With the recently created Tensor Compiler Design Group, we aim to reduce contention and speed up design discussions, but without a common story upstream, there is only so much we can achieve. So we propose the creation of a project that helps demonstrate how transforms and dialects can fit together to achieve different pipeline goals, as a “guiding light” to upstream design as well as downstream integration.
However, MLIR’s flexibility to adapt to the various domains would be diminished if we created a single canonical pipeline like LLVM. Any such pipeline (for example IREE or CIRCT) would force MLIR into a design corner. So the proposal instead is to create a separate project, similar to LLVM’s test-suite, with various “bubbles” of smaller pipelines (for example, ingress-to-tensor, tensor-to-vector, different hardware egress) and provide end-to-end flows that combine those bubbles.
This allows us to not carry dependencies on ingress/egress into the LLVM monorepo, expand into multiple domains and create multi-dimensional testing and benchmarking.

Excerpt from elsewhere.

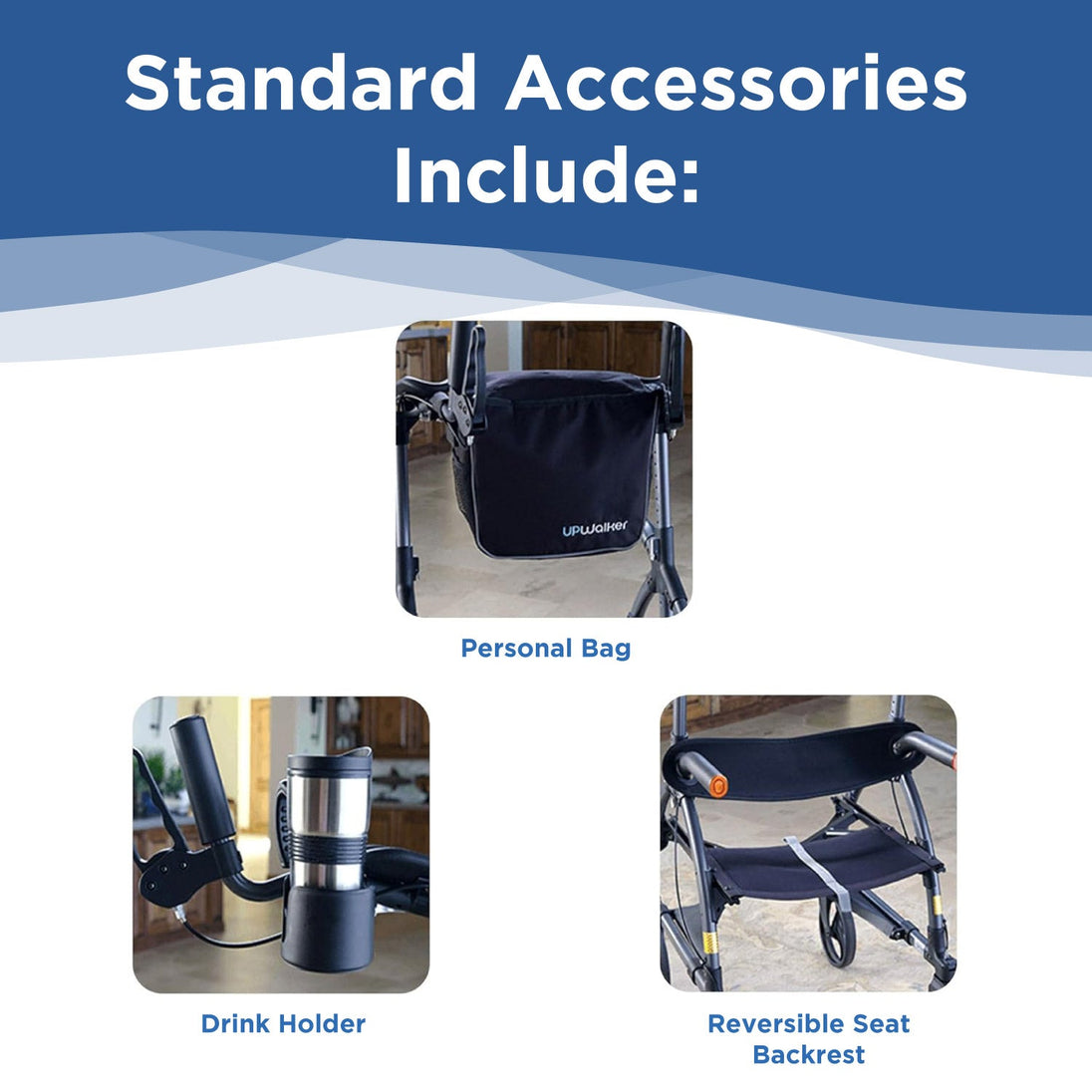 The UPWalker EZ Lite folds effortlessly for travel or storage and arrives ready to use—no tools needed. It’s the most budget-friendly rollator in the UPWalker line, offering premium support at an exceptional value.

It also allows CI builders to pick-and-choose what their platform can/should test, so we get testing coverage by need, not combinatorial choices. More importantly, it would help guide the needs of the community to influence the design of dialects and transforms with clear evidence: concrete tests, well defined pipelines, community that it serves.
In essence, this project should guide you through using MLIR for your own projects, showing the way, but not forcing you to follow a particular path. Essentially, the role of a lighthouse.
Scope
The long term goal of this project is to serve as a guiding light for the whole of MLIR, and allow various user patterns to share testing, recipes, design decisions and to have upstream validation for their assumptions. New projects using MLIR could use this as a starting point to create their own pipelines closer to upstream and in turn foster upstreaming of their own common parts.
However, in the short term, our main goal is to serve as a repository to demonstrate the multiple paths that tensor compilers can go through MLIR dialects and transforms. This will allow us to discuss those patterns upstream, even if the code that uses it is mostly downstream (e.g.,. IREE, TPP, etc.).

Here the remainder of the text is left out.